Item: WALL·E
Language: en-US
Type of Problem: Design_issue
Extra Details: Since the modification of the Title to Wall.E from Wall-E the movie no longer scrapes properly, even if the file uses a valid alternative title. Propose to modify title back to Wall-E to improve scraping and for consistency with historical title used. Additionally, most file systems cannot support a (.) in the file name compounding scrape errors. New title also results in movie not coming up in related search within TMDB website too, reinforcing error caused by using a non-standard character in the title. Since the change was recent (a few months ago) and the movie is from 2008 the error may not be widely seen yet and only upon database rebuilds.
Can't find a movie or TV show? Login to create it.

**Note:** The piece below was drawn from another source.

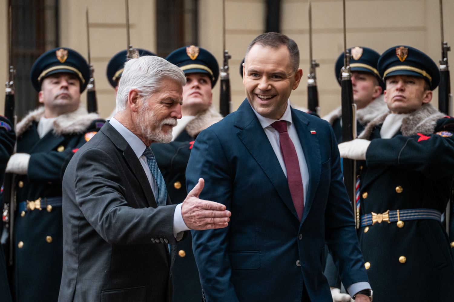 Galerie | OBRAZEM: Nawrocki je v Česku poprvé jako polský prezident. Pavel ho přijal na Hradě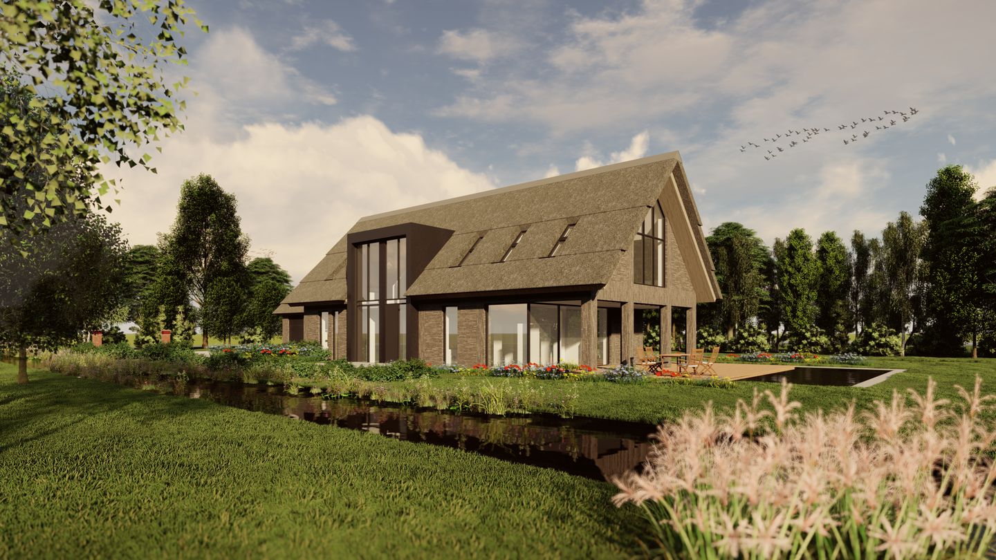 De omgeving bestaat uit een combinatie van grotere en kleinere woningen, boerderijen en schuren. De woning dient qua volume-opbouw en materialisatie aan te sluiten bij de omgeving. Daarnaast is gezocht naar een architectuurstijl die past bij het weidse polderlandschap, met daarbij een enigszins chique uitstraling; anders gezegd landelijk/modern. De supervisor zorgt ervoor dat het ontwerp binnen het beeldkwaliteitsplan valt. Dit gebeurt in overleg met u en uw architect.

Want to rate or add this item to a list?
Not a member?
Reply by superboy97
on July 6, 2023 at 12:17 AM
If I search for "wall.e", the movie title is directly suggested by the search engine, and the movie is found. (This screenshots have been taken in French, but it's exactly the same in English).
The "." in the filename is perfectly supported by filesystems (Windows, Linux, ...). Even "WALL·E" can be perfectly used as a filename.
For scraping problems, you need to contact the support team of the scraper you are using.
Reply by bearclaws8
on July 6, 2023 at 6:46 AM
I will reach out to the scraping team separately. But I believe there is still an issue with the current title and the website search, which may be impacting other things.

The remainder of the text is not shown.